На входе в бомбоубежище пахнет гарью. Лестница, ведущая вниз, завалена обломками бетонных плит. От гермоворот остался металлический косяк, впаянный в бетонную толщу. Остальной металл из убежища № 9 саратовского авиазавода — одного из крупнейших в регионе сооружений гражданской обороны — давно выпилили и сдали в чермет.
Территория над бомбоубежищем
Через шахты грузового лифта вниз проникает достаточно света. Видны кучи битого кирпича. При строительстве новых микрорайонов на месте завода убежище пытались разрушить или переделать в подземный паркинг. Но полутораметровые стены, рассчитанные на прямое попадание бомбы, не поддались.

Центральный коридор плотно исписан граффити, шифрами уличных игр и рекламой интернет-магазинов наркотиков. На полу — битые бутылки, черный пепел свежих костров. Объект давно известен и легко доступен даже для начинающих экстремалов.
Именно здесь 24 февраля 2020 года задержали двух школьников — 15-летнего Игоря Шустова и 14-летнего Евгения М. По версии ФСБ, подростки случайно нашли и хранили в этой заброшке обрез, который намеревались использовать для массового убийства детей. Спецслужба разослала по редакциям видео, в котором задержанные рассказывают, что незадолго до окончания учебного года в одну из майских суббот планировали расстрелять в школе 40 человек из соображений мести.
Следственный комитет возбудил уголовное дело о приготовлении к убийству двух и более лиц, совершенном группой по предварительному сговору. Дальнейших сообщений о расследовании не поступало. В новостях говорили только о ковиде. Город, прокляв «колумбайнеров» в соцсетях, быстро забыл о происшествии.
«Только не давай сдачи!»
Комната Игоря очень маленькая. Слева — диван, справа — стол. На столе — книги о Великой Отечественной и коллекционные солдатики. «Игорь с самого детства болеет армейской темой. У него даже тапки камуфляжные», — смеется мама подростка Наталья Ким.
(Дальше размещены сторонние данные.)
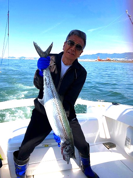 サワラ・サゴシは朝早くが一番ヒット率が高くて朝の薄暗い時間から食い付いてきます四月ごろから産卵のため浅場に昇りのサワラが釣れ始め、翌年の1月中頃まで浅場で居付きますのでこの期間がトローリングのシーズンとなります。この時期は表層5m~10mを回遊していますのでサワラテンテン仕掛をそのまま曳けば面白いほど釣れます。四月頃から産卵のために浅場に昇って来るサワラの時期は表層水温が少し低いので水温の安定した中層を回遊してきます。この時期のサワラをヒットさせるためには、仕掛を水深20mから40mに落して曳くことが大切です。サワラテンテン仕掛を曳く場合もビショマを継ぎ足して下ろしたり、サワラ鉄砲仕掛で水深を20mから40mに下ろして4~5ノットで曳きます。六月頃から十二月末までは表層水温が高くなっていますので水面から5m~10mと比較的上層を回遊していますので、サワラテンテン仕掛を船速6~8ノットで広範囲に曳き回せば誰でも簡単に沢山、釣れる魚で非常に美味しい魚です。この機会に、ぜひとも挑戦していただきたいトローリングです。
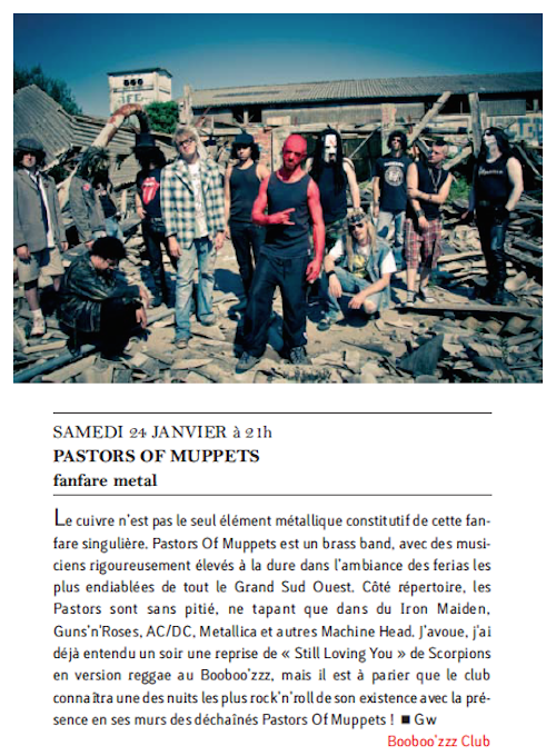 Hey, comme je l’ai posté sur le site Bordeaux Concerts, la fanfare Pastors Of Muppets joue au Booboo’zzz (Bordeaux) ce samedi 24 janvier.

К ковру над диваном прилеплен тетрадный листок, на котором синим фломастером нарисован домик с треугольной крышей. Это Игорю подарил младший брат Леша. «Они с Игорем как две половинки. Только Игорек домой зайдет, Лешка на нем виснет. У нас большая семья, пятеро детей. Мы все очень тесно друг с другом связаны», — Наталья плотно сжимает раскрытые ладони.
Комната Игоря
В узкой кухне жарко от натопленной печки. Семья живет на первом этаже старинного дома. Здесь низкие потолки и толстенные двери. «Не смотрите, что мы живем в старом жилфонде. Мы не бедные! Мы просто не успели сделать ремонт», — повторяет Наталья.

У Натальи — розовые волосы, пирсинг, тату с котиками и розами. «Неформалю с 1990-х. Носила цепи, кожанку, играла в группе на гитаре, у меня даже мотоцикл был», — улыбается она. По профессии Наталья — мастер ногтевого сервиса. Муж — прораб в реставрационной компании.
Три года назад, когда семья приехала в Саратов из Красноармейска, семиклассника Игоря и третьеклассника Витю записали в школу № 14. «В августе я два раза ходила к школьному психологу, просила позаниматься с Игорем, всё-таки подростковый возраст, — вспоминает Наталья. — В конце сентября меня вызвали в школу «на беседу». Но это больше походило на линчевание. Меня и Игоря поставили у доски. Учителя сидели. Психолог кричала, что мои дети — недоучки и лентяи. Никакой работы с Игорем она не проводила».
Игорь понял, куда попал, еще во время летних каникул, когда пошел в школу на отработку: «На второй день я увидел, как некоторых учеников в классе обзывают и толкают».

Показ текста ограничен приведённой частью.